Section "3.2. Authority Component" from rfc2396 [2] states:

      authority     = server | reg_name

So if 'server' component can be empty then '//' should be considered as valid
URI. According to following reasoning 'server' component can be empty.

Section "3.2.2. Server-based Naming Authority" from rfc2396 [2] states:

      server        = [ [ userinfo "@" ] hostport ]

namely according to BNF rules above it is allowed for 'server' component to be
empty, thus '//' can be considered as empty relative network-path reference.

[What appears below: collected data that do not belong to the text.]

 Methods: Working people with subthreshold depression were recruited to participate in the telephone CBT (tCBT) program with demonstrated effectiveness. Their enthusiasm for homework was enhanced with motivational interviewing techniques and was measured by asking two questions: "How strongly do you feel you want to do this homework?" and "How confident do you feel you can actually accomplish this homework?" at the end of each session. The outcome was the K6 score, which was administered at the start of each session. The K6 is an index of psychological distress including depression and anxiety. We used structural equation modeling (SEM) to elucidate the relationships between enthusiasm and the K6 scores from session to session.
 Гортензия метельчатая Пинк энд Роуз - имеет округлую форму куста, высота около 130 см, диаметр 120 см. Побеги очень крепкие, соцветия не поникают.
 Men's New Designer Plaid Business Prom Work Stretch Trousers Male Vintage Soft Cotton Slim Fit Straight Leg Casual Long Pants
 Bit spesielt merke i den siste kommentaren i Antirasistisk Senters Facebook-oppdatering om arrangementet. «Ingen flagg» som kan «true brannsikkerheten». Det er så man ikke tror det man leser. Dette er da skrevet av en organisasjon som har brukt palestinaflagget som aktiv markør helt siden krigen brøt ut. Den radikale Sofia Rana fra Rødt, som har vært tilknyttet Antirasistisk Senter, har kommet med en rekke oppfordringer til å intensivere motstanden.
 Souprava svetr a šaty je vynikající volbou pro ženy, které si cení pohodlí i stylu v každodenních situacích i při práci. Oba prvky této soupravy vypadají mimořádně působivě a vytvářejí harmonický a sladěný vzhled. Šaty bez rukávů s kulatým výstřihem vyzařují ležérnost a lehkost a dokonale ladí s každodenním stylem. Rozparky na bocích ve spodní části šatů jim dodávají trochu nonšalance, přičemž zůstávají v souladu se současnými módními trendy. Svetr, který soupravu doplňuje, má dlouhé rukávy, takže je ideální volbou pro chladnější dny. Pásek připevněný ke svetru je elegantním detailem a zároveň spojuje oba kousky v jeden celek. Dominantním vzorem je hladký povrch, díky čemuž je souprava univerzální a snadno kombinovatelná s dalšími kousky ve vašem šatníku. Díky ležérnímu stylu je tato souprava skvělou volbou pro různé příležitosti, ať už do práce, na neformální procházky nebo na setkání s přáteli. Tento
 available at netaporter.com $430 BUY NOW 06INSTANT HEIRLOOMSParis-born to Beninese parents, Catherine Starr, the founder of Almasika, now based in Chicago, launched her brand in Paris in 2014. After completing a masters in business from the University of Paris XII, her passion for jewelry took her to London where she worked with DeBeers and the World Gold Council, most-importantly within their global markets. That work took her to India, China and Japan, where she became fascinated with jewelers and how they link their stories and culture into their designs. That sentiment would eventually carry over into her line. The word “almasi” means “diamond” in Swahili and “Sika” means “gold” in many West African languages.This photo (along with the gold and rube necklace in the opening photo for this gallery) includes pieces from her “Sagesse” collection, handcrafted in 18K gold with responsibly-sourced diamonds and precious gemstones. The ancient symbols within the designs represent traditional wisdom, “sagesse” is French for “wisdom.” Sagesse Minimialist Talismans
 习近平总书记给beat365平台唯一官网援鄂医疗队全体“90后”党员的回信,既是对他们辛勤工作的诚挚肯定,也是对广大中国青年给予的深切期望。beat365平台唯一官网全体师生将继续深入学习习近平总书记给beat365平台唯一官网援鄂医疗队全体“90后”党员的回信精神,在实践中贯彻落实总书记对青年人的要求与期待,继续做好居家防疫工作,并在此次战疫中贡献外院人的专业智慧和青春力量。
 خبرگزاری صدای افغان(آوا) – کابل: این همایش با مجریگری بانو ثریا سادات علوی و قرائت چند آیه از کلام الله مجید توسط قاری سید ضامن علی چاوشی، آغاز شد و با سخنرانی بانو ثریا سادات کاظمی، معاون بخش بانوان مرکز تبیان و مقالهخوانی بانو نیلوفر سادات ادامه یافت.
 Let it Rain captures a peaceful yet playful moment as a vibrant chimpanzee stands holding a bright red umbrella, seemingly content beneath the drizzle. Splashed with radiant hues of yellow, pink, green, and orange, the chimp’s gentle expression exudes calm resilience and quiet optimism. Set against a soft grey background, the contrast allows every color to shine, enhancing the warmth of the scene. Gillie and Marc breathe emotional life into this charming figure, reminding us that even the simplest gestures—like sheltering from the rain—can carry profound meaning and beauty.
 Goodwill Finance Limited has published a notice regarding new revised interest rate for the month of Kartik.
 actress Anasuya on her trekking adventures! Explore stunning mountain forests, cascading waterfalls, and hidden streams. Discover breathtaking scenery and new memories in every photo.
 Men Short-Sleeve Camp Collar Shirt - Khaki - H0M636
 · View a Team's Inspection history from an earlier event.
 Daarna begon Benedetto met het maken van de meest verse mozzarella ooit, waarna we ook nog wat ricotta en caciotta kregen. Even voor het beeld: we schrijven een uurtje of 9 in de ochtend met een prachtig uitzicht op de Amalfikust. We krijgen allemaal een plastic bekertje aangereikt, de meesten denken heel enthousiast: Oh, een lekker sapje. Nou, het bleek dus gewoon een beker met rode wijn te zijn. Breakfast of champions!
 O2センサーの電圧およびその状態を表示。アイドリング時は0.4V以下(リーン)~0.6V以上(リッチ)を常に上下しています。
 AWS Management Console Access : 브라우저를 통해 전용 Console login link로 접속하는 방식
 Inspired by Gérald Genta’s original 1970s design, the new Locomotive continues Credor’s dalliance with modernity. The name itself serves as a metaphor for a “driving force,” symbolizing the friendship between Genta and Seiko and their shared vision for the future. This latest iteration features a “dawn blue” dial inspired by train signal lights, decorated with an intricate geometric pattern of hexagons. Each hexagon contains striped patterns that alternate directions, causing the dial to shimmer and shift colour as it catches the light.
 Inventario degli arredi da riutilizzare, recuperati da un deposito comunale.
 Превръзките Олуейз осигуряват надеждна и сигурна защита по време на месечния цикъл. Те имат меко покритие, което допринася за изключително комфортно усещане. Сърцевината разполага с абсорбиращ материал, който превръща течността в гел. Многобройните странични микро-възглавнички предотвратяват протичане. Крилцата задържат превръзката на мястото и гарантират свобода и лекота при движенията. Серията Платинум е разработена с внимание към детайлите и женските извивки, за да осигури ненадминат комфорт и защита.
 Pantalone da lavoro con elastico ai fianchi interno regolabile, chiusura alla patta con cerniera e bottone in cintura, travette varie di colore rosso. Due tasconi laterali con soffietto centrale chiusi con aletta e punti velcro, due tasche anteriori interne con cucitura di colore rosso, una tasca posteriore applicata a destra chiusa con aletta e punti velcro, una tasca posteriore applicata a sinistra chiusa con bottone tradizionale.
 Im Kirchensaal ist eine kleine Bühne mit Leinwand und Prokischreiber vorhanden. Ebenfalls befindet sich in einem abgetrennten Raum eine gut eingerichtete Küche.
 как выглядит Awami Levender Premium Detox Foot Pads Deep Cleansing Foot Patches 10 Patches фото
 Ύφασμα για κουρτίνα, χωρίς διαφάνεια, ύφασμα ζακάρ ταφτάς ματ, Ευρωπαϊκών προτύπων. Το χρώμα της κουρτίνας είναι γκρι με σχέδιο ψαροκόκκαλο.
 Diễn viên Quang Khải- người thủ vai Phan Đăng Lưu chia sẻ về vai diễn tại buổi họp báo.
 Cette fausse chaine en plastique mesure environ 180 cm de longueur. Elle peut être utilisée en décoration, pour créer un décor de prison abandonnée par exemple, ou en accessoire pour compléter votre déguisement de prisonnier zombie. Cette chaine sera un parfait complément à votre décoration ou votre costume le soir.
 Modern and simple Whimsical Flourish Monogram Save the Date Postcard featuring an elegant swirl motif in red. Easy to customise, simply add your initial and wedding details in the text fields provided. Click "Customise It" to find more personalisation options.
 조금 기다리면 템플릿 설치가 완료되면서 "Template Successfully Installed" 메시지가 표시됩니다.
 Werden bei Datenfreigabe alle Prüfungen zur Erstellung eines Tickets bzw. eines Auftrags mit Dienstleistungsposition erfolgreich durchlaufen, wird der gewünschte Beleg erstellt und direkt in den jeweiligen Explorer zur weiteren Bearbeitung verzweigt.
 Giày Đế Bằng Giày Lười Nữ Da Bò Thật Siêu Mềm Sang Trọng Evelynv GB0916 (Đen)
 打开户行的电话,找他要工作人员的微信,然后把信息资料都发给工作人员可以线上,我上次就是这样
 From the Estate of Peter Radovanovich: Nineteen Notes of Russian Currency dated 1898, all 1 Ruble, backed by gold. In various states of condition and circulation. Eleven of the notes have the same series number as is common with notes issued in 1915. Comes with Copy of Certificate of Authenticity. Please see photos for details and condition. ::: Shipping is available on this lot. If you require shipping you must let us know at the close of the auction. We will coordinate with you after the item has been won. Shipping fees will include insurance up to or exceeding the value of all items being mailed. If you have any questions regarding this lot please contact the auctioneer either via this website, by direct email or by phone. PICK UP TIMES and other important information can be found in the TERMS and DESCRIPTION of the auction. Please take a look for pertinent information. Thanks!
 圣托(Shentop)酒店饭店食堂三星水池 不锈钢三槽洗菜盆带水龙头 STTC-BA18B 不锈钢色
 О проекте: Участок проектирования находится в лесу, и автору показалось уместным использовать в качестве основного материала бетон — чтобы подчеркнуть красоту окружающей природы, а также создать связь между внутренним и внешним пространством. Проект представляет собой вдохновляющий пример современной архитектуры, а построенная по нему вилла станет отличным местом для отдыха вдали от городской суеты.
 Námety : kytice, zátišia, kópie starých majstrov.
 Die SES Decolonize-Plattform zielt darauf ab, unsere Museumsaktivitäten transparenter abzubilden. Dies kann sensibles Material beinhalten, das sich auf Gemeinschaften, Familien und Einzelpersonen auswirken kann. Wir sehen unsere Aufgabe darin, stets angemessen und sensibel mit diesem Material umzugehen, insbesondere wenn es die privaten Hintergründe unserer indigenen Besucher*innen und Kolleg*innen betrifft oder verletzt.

I understand that 3.2.2 from rfc2396 [2] in its beginning states:

   URL schemes that involve the direct use of an IP-based protocol to a
   specified server on the Internet use a common syntax for the server
   component of the URI's scheme-specific data:

      <userinfo>@<host>:<port>

   where <userinfo> may consist of a user name and, optionally, scheme-
   specific information about how to gain authorization to access the
   server. The parts "<userinfo>@" and ":<port>" may be omitted.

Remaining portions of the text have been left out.